Итогом стал развод и возвращение в родной город, где под окнами их аудитории все так же стояли невозмутимые дубы. Работал он на разных неинтересных работах, продолжал попытки писать (окружающие не понимали того, что он пишет, да и сам он не всегда понимал), и временами думалось ему: а что же дальше, где просвет и есть ли вообще этот просвет? И возможно ли быть счастливым? Подобные размышления по вечерам, а особенно по ночам, когда не спится, сердце колотится, тычется в ребра, словно пытается вырваться наружу, ошалев от двух десятков сигарет, а мир облит липкой слепой темнотой, подобные размышления заставили его обратиться к прошлому, проследить всю свою сознательную жизнь, чтобы найти истоки нынешнего беспросветного существования.
И медленно, не сразу, разгораясь постепенно, как зарево далекого пожара (он и тут не мог обойтись без штампов), нависая и обезоруживая, но – пришло. Пришло – понимание.

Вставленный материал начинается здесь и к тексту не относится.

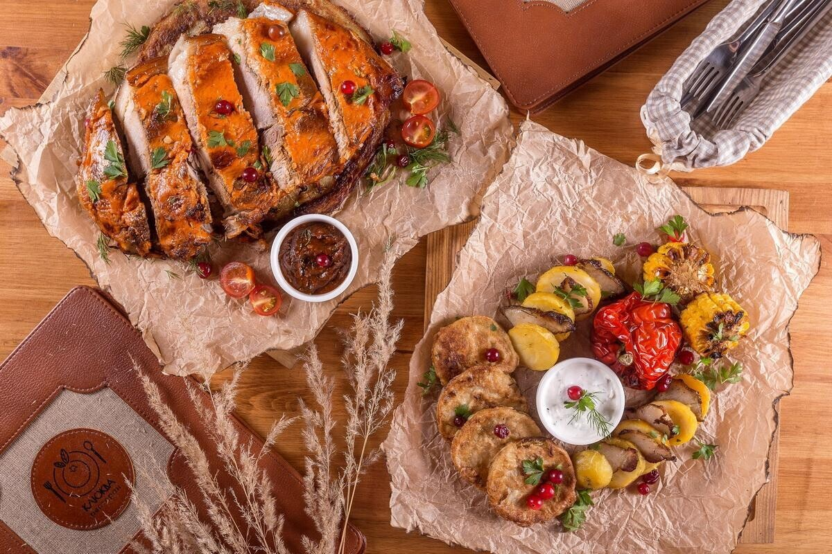 Свинина, запеченная под соусом, кукурузный початок, кабачки, жаренные в кляре, картофель по-деревенски запеченный, перец болгарский печеный, томаты черри, соус сметанный, аджика.

Поворотные пункты. Все дело в поворотных пунктах. Вот шагает человек по дороге жизни (опять тривиальнейшее сравнение – но что поделаешь?), или, скажем, несет его река времени – и вот стоп: развилка дорог, и на развилке, как водится, камень. Поступок. Событие. Сделаешь так – пошагаешь дальше по правой дороге. Сделаешь этак – по левой. И если бы все было так просто. Он-то ведь понял и другое. Человек не сворачивает у этого придорожного камня, а раздваивается – и теперь шагают по разным дорогам два разных человека. До следующих своих развилок, где все вновь повторяется – и вот уже не два, а четыре-восемь-шестнадцать-тридцать два – и все существуют в разных вероятных мирах, все продолжают идти своими дорогами, оставаясь, по сути, одним и тем же человеком и вместе с тем – разными людьми. Один поступок рождает как минимум два мира, а может родить и три – поступать-то можно и так, и этак, и еще как-нибудь; следующий – еще два или три, или четыре – и несется сквозь время неслышная лавина дробящихся и множащихся миров, а ведь это только миры одного человека. А если двух? Тысячи? Пяти миллиардов? Вселенная, оказывается, пронизана такими мирами, они – суть ее, основа, надежда и отчаянье...
Понимание чуть не раздавило его. Он стоял в ночной темноте, вцепившись в подоконник, а вокруг множились, пузырились, бесшумно мелькали невидимые и неосязаемые вероятные миры...
Неосязаемые? Неужели нельзя проникнуть в них, в те пятые, двадцатые или стотысячные и отыскать своих двойников? Неужели нельзя?
И он проник... Он думал, что сойдет с ума, он задыхался и терял сознание, но – проник. И в пятый. И в десятый. И отыскал.
– Зачем ты их искал? – тихо спросил я, с грустью вглядываясь в его узкое лицо с запавшими невеселыми глазами. – Счастливых хотел найти?
Поднялся ветерок, зашумели деревья, словно там, над нами, находилось не небо, а далекое море.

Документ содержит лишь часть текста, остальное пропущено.